DÉCISION DE PREMIÈRE INSTANCE : CONSEIL DE PRUD'HOMMES - FORMATION PARITAIRE DE TOURS en date du 09 Décembre 2022 - Section : INDUSTRIE
APPELANTE :
S.A.S. TLD EUROPE
[Adresse 1]
[Localité 3]
représentée par Me Anne BONNEVILLE, avocat au barreau de TOURS
ET
INTIMÉ :
Monsieur [N] [C]
né le 27 Septembre 1973 à [Localité 5]
[Adresse 4]
[Localité 2]
représenté par Me Emilie GUERET de la SELARL CONVERGENS, avocat au barreau de TOURS
ayant pour avocat plaidant Me Sylvie MARTIN avocat au barreau de POITIERS
ordonnance de clôture : le 5 octobre 2024
Audience publique du 4 Juin 2024 tenue par Mme Florence CHOUVIN, Conseiller, et ce, en l'absence d'opposition des parties, assistée lors des débats de Monsieur Jean-Christophe ESTIOT, Greffier.
Après délibéré au cours duquel Mme Florence CHOUVIN, Conseiller a rendu compte des débats à la Cour composée de :
Monsieur Alexandre DAVID, président de chambre, président de la collégialité,
Madame Laurence DUVALLET, présidente de chambre,
Madame Florence CHOUVIN-GALLIARD, conseiller
Puis le 15 OCTOBRE 2024, Monsieur Alexandre DAVID, président de Chambre, assisté de Madame Fanny ANDREJEWSKI-PICARD, Greffier a rendu l'arrêt par mise à disposition au greffe de la cour, les parties en ayant été préalablement avisées dans les conditions prévues au deuxième alinéa de l'article 450 du code de procédure civile.
FAITS ET PROCÉDURE
Selon contrat de travail à durée indéterminée du 1er mars 2006, la SAS TLD Europe a engagé M. [N] [C] en qualité de monteur mécanicien, statut non-cadre, niveau N2B3, coefficient 190, de la classification de la convention collective des industries métallurgiques de la région parisienne.

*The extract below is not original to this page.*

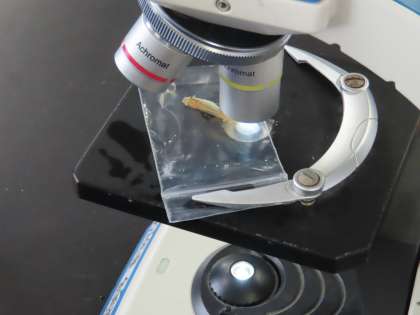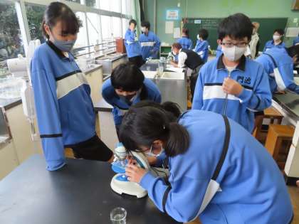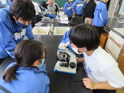 2Dの理科では、顕微鏡を使って監察をしていました。生きているメダカをビニールに入れて監察をしています。「命を維持する働き…ヒメダカの尾を観察して、毛細血管の中の背血球の流れを見てみよう」です。メダカは動くのでピントがなかなか合わなく、苦労していました。

La SAS TLD Europe a pour activité la conception, la fabrication et la vente de véhicules d'assistance aéroportuaire tels que tracteurs d'avions, escaliers passagers autotractés ainsi que tous autres matériels utilisés pour des opérations de chargement et déchargement lors du stationnement de l'avion.
Le 10 juillet 2019, la SAS TLD Europe a notifié à M. [N] [C] un avertissement pour avoir traité son superviseur de production de « connard » devant l'ensemble de ses collègues.
Le 2 septembre 2019, la SAS TLD Europe a notifié à M. [N] [C] un avertissement pour non-respect des horaires de travail.
Le 24 octobre 2019, la SAS TLD Europe a notifié à M. [N] [C] une mise à pied sanction de 3 jours pour être arrivé en retard le 23 septembre 2019, le 8 octobre 2019 et le 21 octobre 2019.
Le 3 février 2020, la SAS TLD Europe a notifié à M. [N] [C] une mise à pied sanction de 5 jours pour être arrivé en retard le 29 novembre 2019 et avoir été absent à son poste toute la matinée du 23 décembre 2019.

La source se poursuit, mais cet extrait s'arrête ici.